Ketiga, Mendesak Presiden dan Wakil Presiden, untuk menjadikan agenda utama pengakuan dan perlindungan masyarakat dan perempuan pesisir serta keadilan iklim dalam perencanaan tata ruang laut, dan pada saat yang sama mengevaluasi tata ruang laut yang terdapat dalam RZWP3K dan RTRW Terintegrasi yang terbukti telah merampas ruang hidup dan memiskinkan kehidupan nelayan dan perempuan.
Keempat, Mendesak Pemerintah di level eksekutif dan legislatif untuk segera memasukan RUU Keadilan Iklim sebagai agenda utama untuk disahkan, sekaligus mendukung upaya-upaya masyarakat untuk memulihkan ekosistem pesisir, laut, dan pulau kecil dari dampak krisis iklim yang semakin parah.
Kelima, Mendesak penetapan wilayah konservasi di pesisir, laut, dan pulau kecil yang berbasis pada kepentingan nelayan, perempuan, dan anak muda dengan menggunakan prinsip konsultasi bermakna serta Free, Prior and Informed Consent (FPIC).
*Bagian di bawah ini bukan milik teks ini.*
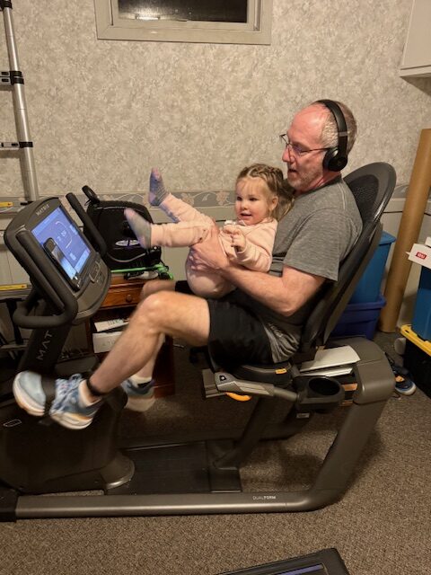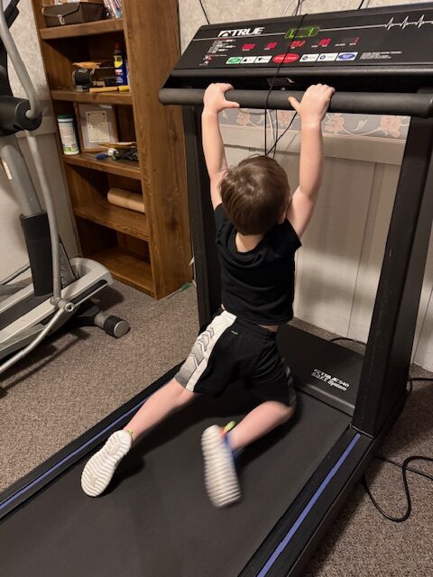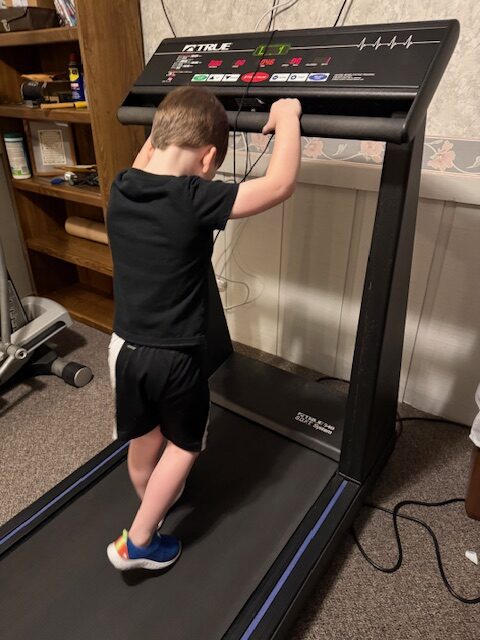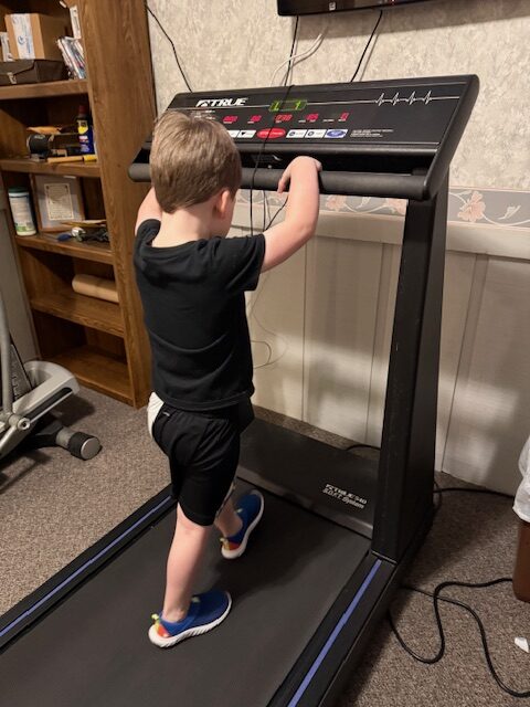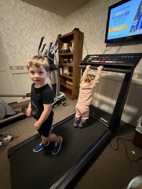 We got to have the grandkids this weekend. Connor and Tessa wanted to help me work out. Sarah took the dog for a walk outside, and then I rode the stationary bike inside. A few minutes after I got started they both came running downstairs and wanted to workout too. Tessa started by riding with me on the bike, and then they wanted to be on the treadmill. I don’t let them go faster than 1 mile an hour, so it is pretty slow. I just had to laugh watching Connor. He starts off just walking, then starts getting a little more confident, and “cocky”, and tries to get fancy while I am taking pictures of him, Follow this sequence of his pictures and I am sure you will get a laugh also!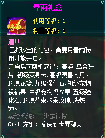春雨礼盒:可从副本、活动期间出现的boss掉落,需春雨秘钥才能开启。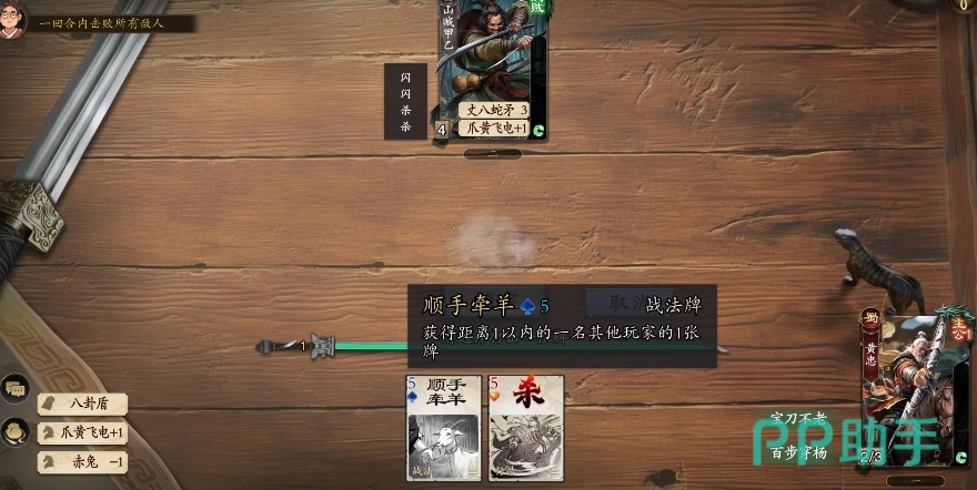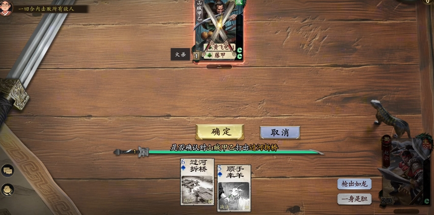 10:这一关考验的是玩家的资源管理,先过河拆桥拆掉山贼的+1马,削弱其防御能力,然后使用顺手牵羊顺走山贼的火杀,为后续的攻击做准备,最后对山贼打出火杀,凭借前期的削弱和当前的攻击力优势,一举击败山贼。

Penetapan wilayah konservasi harus ditujukan untuk mengakui dan melindungi wilayah kelola masyarakat, bukan untuk meminggirkannya.
Keenam, Mendesak pemerintah untuk segera menjalankan dan menyusun skema perlindungan dan pemberdayaan nelayan sebagaimana diamanatkan oleh UU 7 Tahun 2016 tentang perlindungan dan pemberdayaan nelayan, pembudidaya ikan dan petambak garam, dengan memastikan keterlibatan penuh pada masyarakat dan perempuan nelayan. Termasuk perlindungan bagi para pejuang lingkungan, khususnya nelayan tradisional dan atau nelayan skala kecil, serta perempuan nelayan, dari ancaman kriminalisasi yang kerap mengalami tekanan dan intimidasi ketika memperjuangkan hak atas penghidupan, tempat tinggal, dan generasi mereka di masa yang akan datang.
Ketujuh, Menegakkan aturan perlindungan pulau-pulau kecil yang selama ini ditetapkan dan telah dibebani izin wilayah usaha pertambangan dan izin usaha pertambangan. Mengingat pulau-pulau kecil memiliki tingkat kerentanan yang tinggi baik secara lanskap, sosial, dan biodiversitasnya.
Kedelapan, Berkomitmen untuk menyelesaikan permasalahan yang dialami oleh masyarakat pesisir dan pulau-pulau kecil, khususnya terkait dengan kehidupan dan penghidupan nelayan kecil dan tradisional, termasuk akses atas air bersih dan sanitasi yang layak dan aman bagi perempuan pesisir dan pulau-pulau kecil di Indonesia. Perempuan yang berdomisili di wilayah ini kekurangan akses terhadap air bersih dan sanitasi disebabkan sumber daya publik belum dikelola secara adil dan efektif.